### What you are asked to do:
From the first line of the entries down to the line with "卡尔美加绒针织长裤男秋冬厚灰色运动裤休闲百搭束脚女卫裤", write out every line exactly; that last line counts, but pictures do not.

### Entries provided:

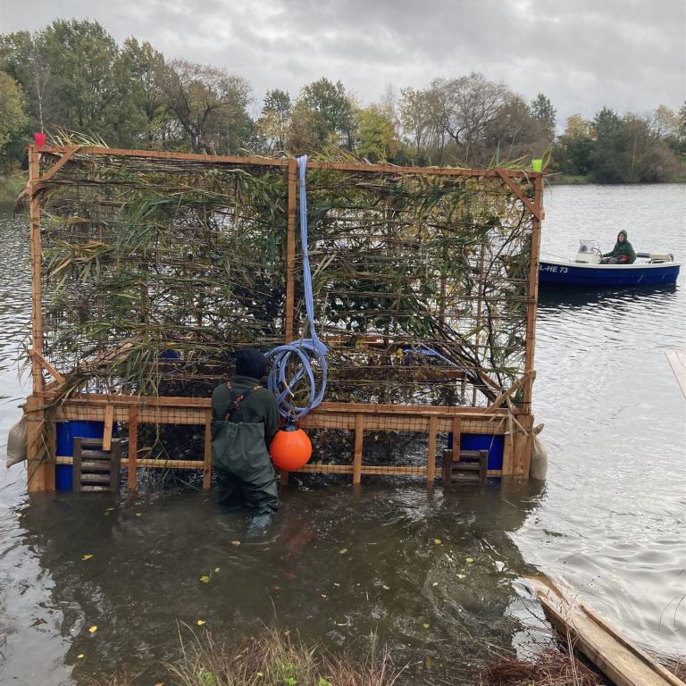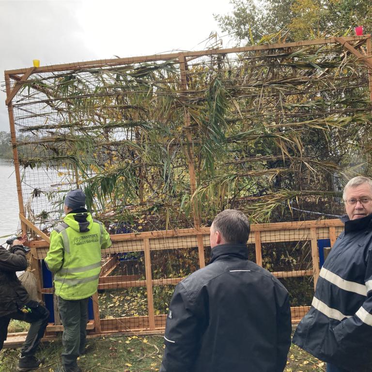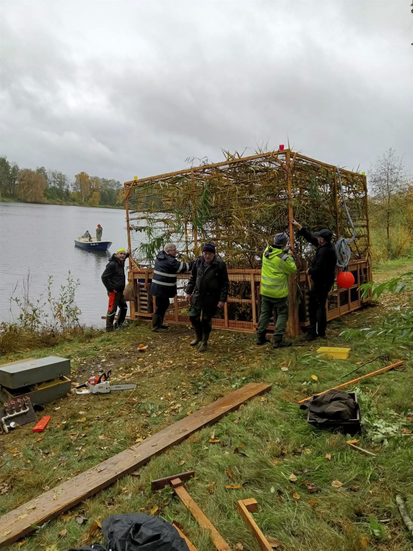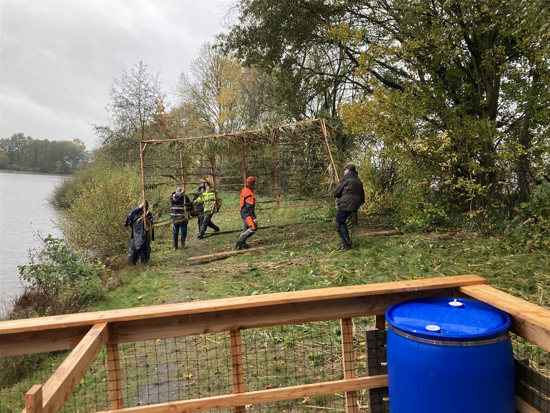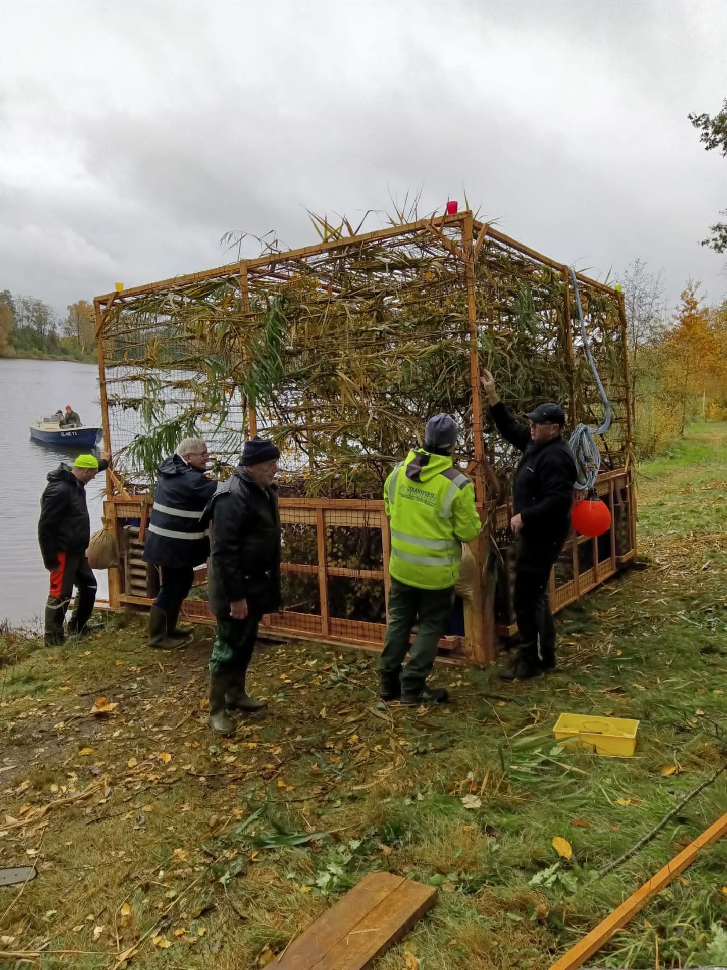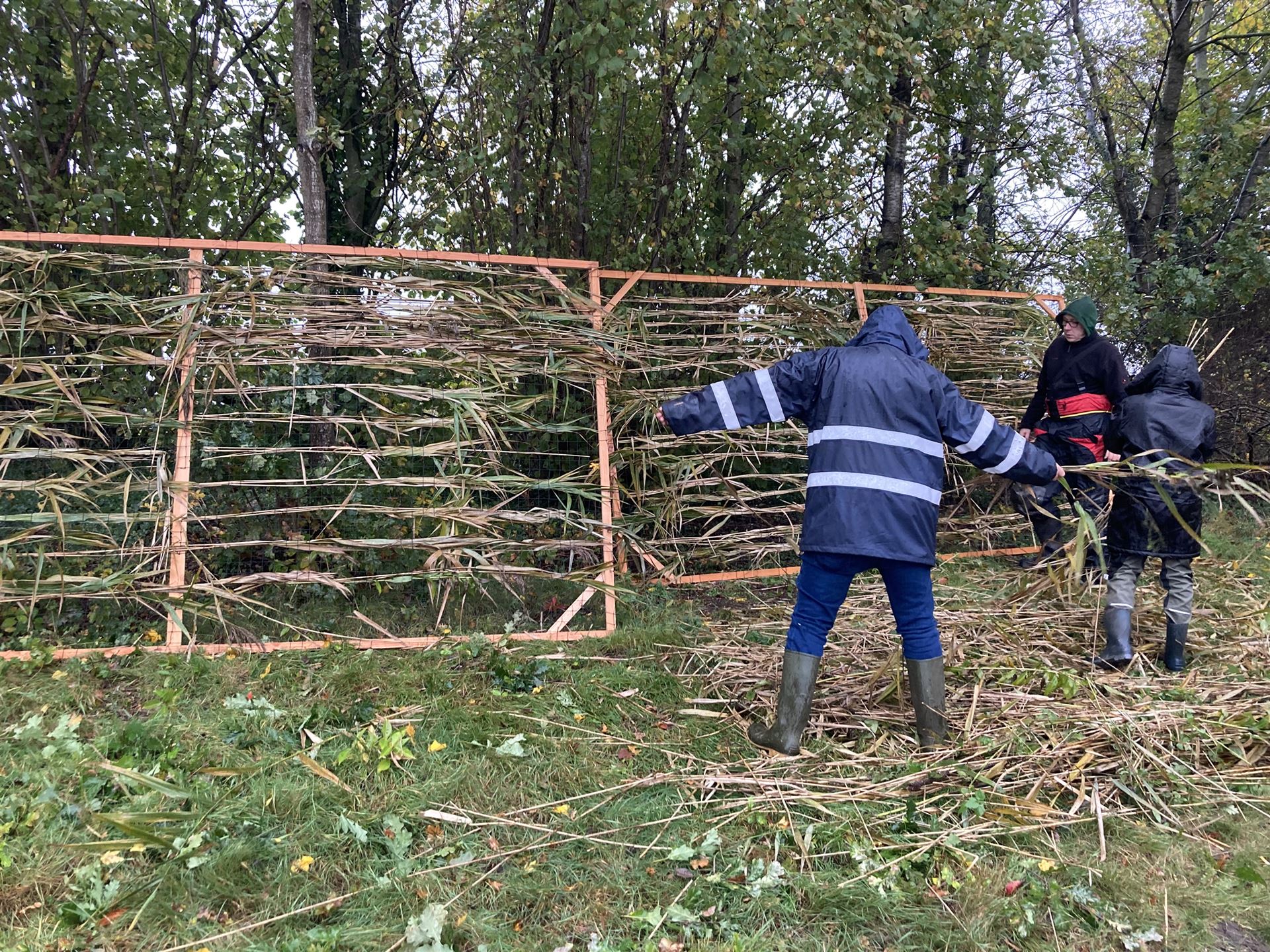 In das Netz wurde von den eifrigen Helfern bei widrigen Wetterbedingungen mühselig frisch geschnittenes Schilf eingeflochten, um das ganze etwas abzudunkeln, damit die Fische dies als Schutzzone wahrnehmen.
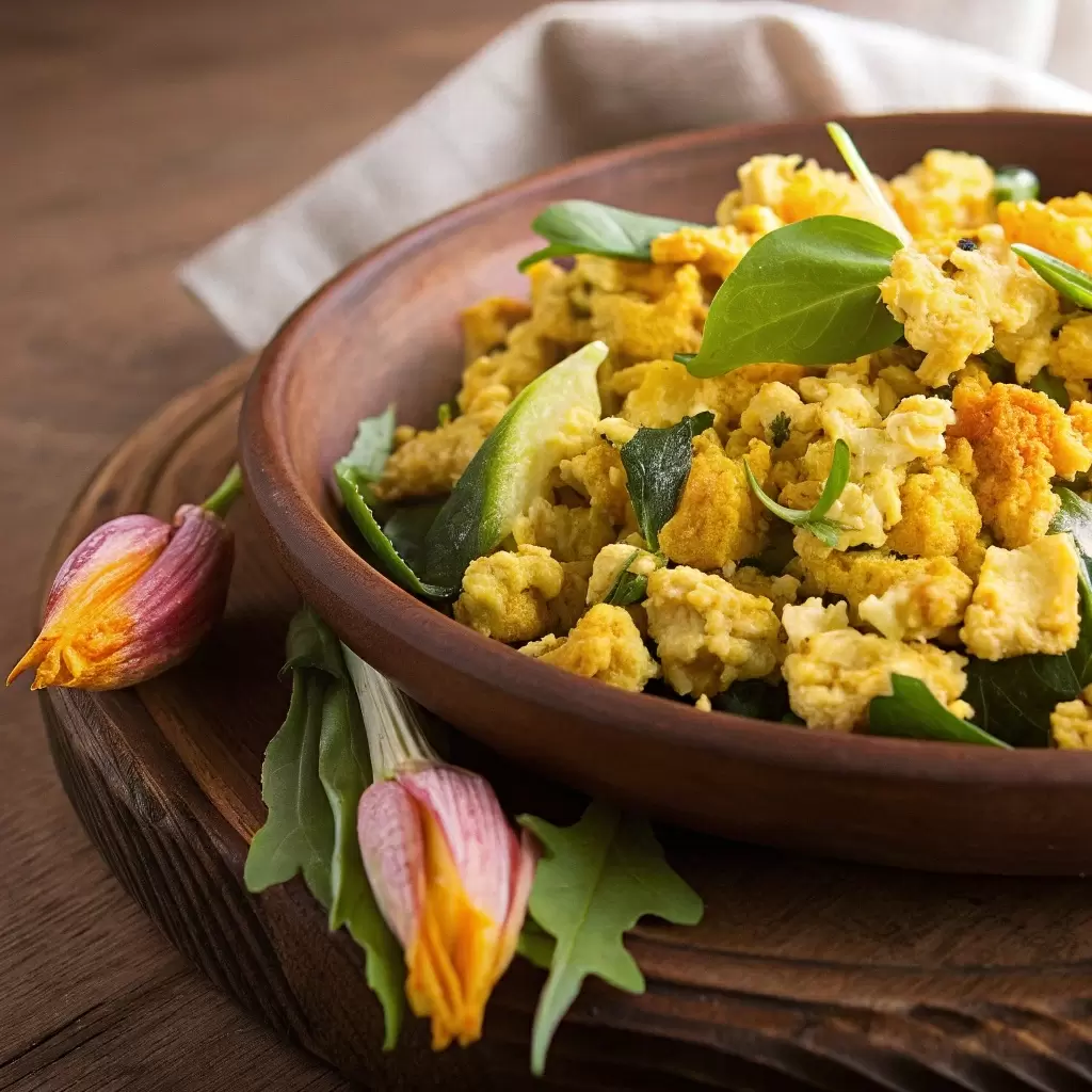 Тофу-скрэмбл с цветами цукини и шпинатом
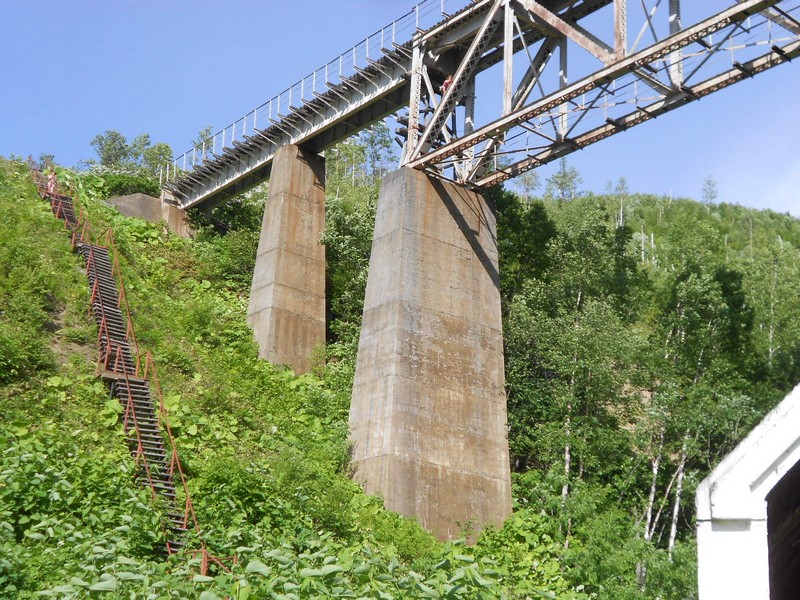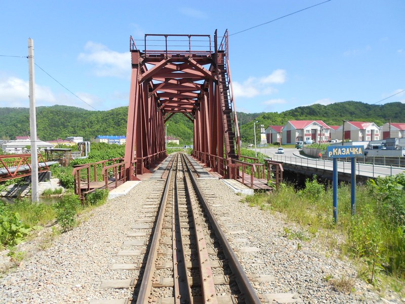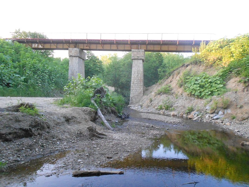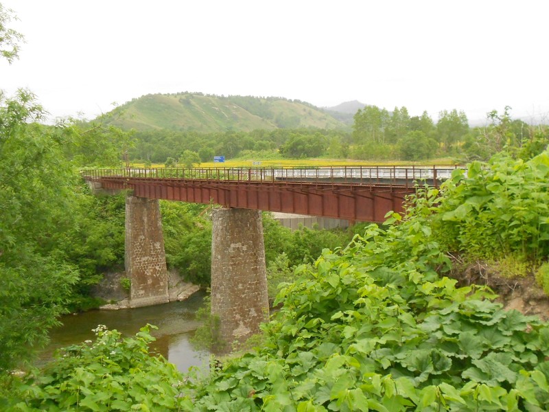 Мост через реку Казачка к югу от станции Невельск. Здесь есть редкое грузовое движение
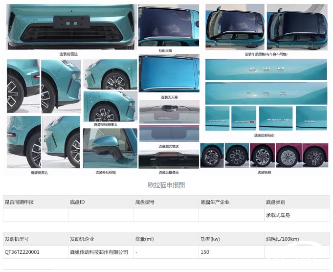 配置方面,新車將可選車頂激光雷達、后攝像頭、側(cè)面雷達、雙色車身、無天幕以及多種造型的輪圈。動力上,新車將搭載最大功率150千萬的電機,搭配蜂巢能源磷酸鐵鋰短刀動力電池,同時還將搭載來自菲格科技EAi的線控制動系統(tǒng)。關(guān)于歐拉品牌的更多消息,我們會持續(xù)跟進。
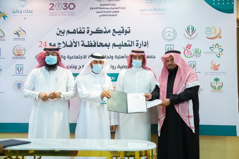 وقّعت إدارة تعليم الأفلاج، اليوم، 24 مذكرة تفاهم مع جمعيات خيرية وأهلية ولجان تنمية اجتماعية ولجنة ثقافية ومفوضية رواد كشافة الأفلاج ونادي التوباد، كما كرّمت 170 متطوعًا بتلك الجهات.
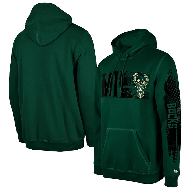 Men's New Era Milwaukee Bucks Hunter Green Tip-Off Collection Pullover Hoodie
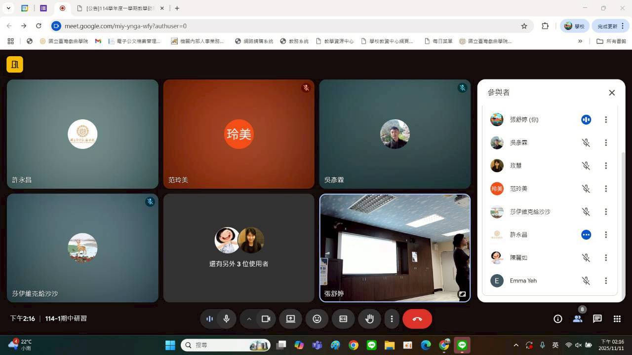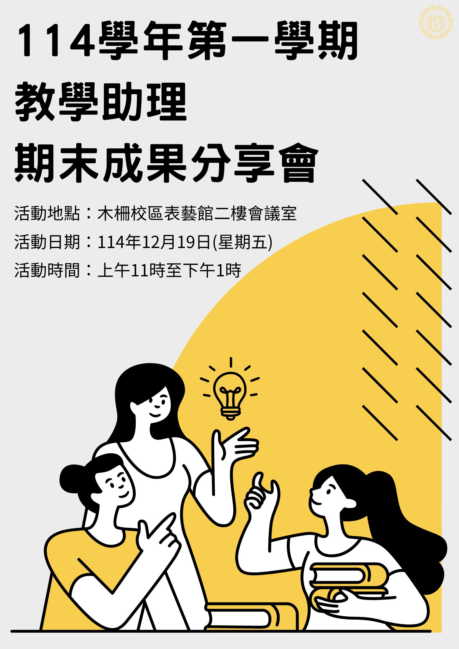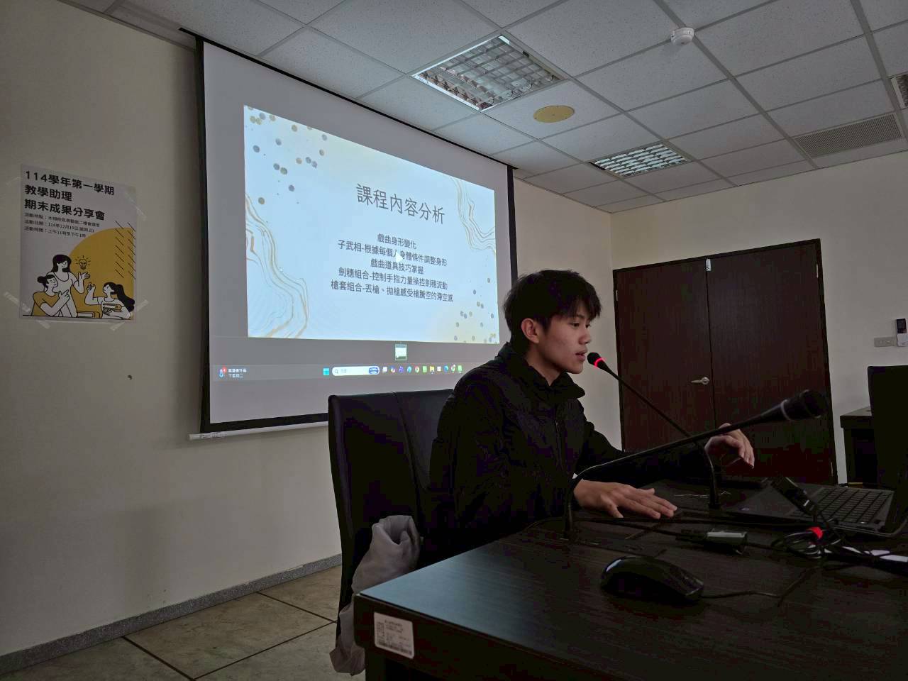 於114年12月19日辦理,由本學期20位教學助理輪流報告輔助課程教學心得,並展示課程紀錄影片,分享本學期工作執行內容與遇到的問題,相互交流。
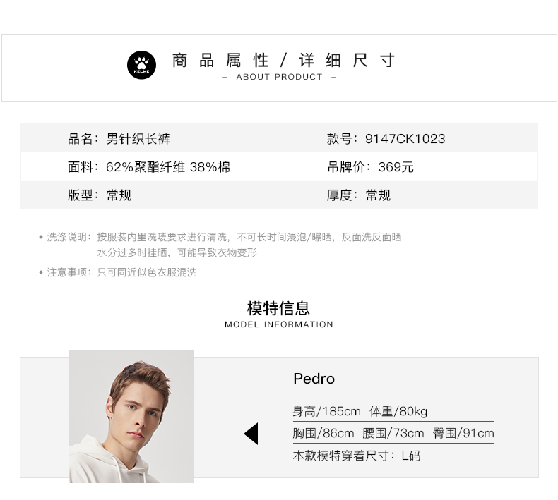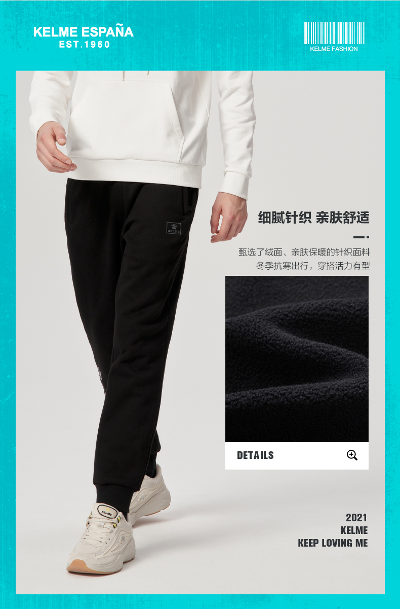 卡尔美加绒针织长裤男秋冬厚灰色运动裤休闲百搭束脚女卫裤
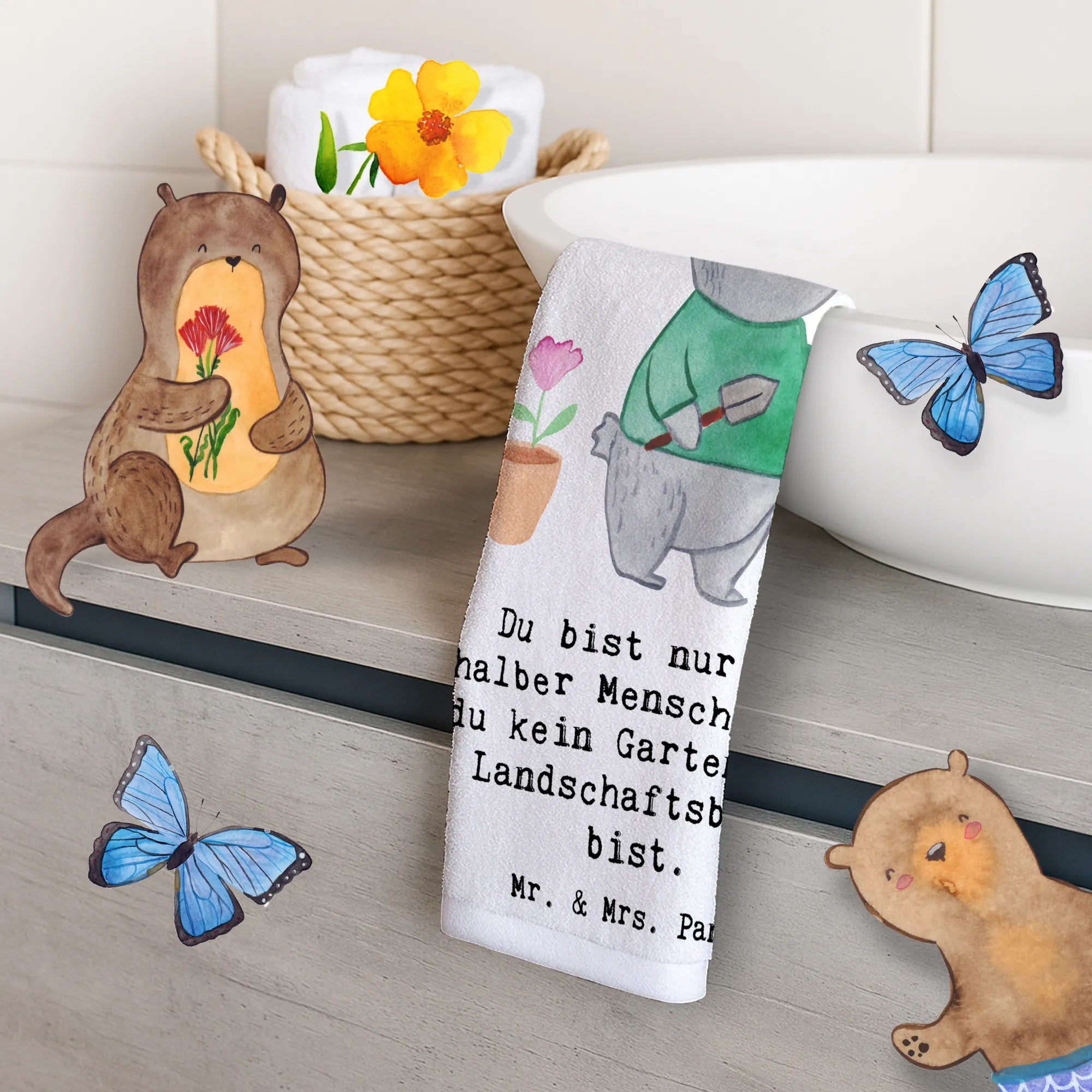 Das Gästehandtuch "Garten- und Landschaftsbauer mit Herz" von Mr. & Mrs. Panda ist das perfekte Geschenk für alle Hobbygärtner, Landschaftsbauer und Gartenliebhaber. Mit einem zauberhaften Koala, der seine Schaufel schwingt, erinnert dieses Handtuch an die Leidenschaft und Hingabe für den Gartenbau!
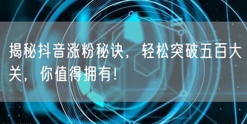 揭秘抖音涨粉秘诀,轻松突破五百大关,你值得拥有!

### Written answer:
 In das Netz wurde von den eifrigen Helfern bei widrigen Wetterbedingungen mühselig frisch geschnittenes Schilf eingeflochten, um das ganze etwas abzudunkeln, damit die Fische dies als Schutzzone wahrnehmen.
 Тофу-скрэмбл с цветами цукини и шпинатом
 Мост через реку Казачка к югу от станции Невельск. Здесь есть редкое грузовое движение
 配置方面,新車將可選車頂激光雷達、后攝像頭、側(cè)面雷達、雙色車身、無天幕以及多種造型的輪圈。動力上,新車將搭載最大功率150千萬的電機,搭配蜂巢能源磷酸鐵鋰短刀動力電池,同時還將搭載來自菲格科技EAi的線控制動系統(tǒng)。關(guān)于歐拉品牌的更多消息,我們會持續(xù)跟進。
 وقّعت إدارة تعليم الأفلاج، اليوم، 24 مذكرة تفاهم مع جمعيات خيرية وأهلية ولجان تنمية اجتماعية ولجنة ثقافية ومفوضية رواد كشافة الأفلاج ونادي التوباد، كما كرّمت 170 متطوعًا بتلك الجهات.
 Men's New Era Milwaukee Bucks Hunter Green Tip-Off Collection Pullover Hoodie
 於114年12月19日辦理,由本學期20位教學助理輪流報告輔助課程教學心得,並展示課程紀錄影片,分享本學期工作執行內容與遇到的問題,相互交流。
 卡尔美加绒针织长裤男秋冬厚灰色运动裤休闲百搭束脚女卫裤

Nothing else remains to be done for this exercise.